Don't do strange things, like being very annoyed about sounds, and sustain an unbearable situation, trying to negate the discomfort and "be normal again", or get paralyzed about the situation, because of embarrassment or whatever. Just cover your ears or go somewhere else. And remember this is temporary and maybe the next day or week you could listen to the same sounds without any kind of discomfort.
If you are neurotic, obsessive, or anxious, the opposite could also be true. That is, you are in an environment with loud sounds and you are okay, but then for some reason you are surprised or even worried that you are okay, and so you get self-conscious and begin experiencing TTTS. So this is an example where the origin of the problem is not your ears, but your mind.

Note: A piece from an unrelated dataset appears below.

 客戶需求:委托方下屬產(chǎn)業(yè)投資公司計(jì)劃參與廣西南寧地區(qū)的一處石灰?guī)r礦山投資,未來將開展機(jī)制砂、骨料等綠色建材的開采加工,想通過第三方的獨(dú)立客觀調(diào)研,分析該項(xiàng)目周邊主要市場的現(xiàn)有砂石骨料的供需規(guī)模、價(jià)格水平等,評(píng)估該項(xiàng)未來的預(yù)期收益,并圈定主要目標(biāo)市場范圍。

Another trick for sound intolerance: if there is a specific and short sound that you find too strong, like a bus passing by close to you, or an ambulance siren, you could try humming (doing "Mmm...", a single note, or a melody) during the sound. This adds another sound in the foreground that doesn't bother you, and so the loud sound goes to the background. Of course, you could also cover your ears with your fingers if you consider so.
9- SETBACKS
If for some reason you worsen, the worsening is always temporary. If you dramatize the situation, begin thinking obsessively about it or get depressed, you are just extending the setback and complicating things.
See point 2.
2- PSYCHOLOGIC ATTITUDE
Don't panic. The more you panic and worry the worse. Try to relax and not think about your ears. Once you understand this and check it out by yourself, not because I am telling you, you will know the nature of the problem and you will automatically inhibit any thought that worsens and sustains the problem (unless you don't want to get better).
Ingmar Klockhoff, the man who identified the pathology, described TTTS as "psychosomatic" and due to an "increased psychic tension due to mental stress". This is partially true because the persistence of the problem, as I mentioned before, is more related to the attention or focus the person gives to the problem, than it is related to stress in general. In fact, when someone is worried or stressed about other problems (i.e. the mind is occupied and absorbed by thoughts different from ear issues) TTTS usually gets better. Apart from my experience, I read other anecdotes that confirm this idea.
In this sense, it is important to note that most people with this problem, especially the worst cases, also have mood problems (depression), or they are very obsessive (OCD), or they are very fearful or nervous (anxiety, panic). And these psychological particularities generally, but not always, precede the sound incident and the development of TTTS/"hyperacusis".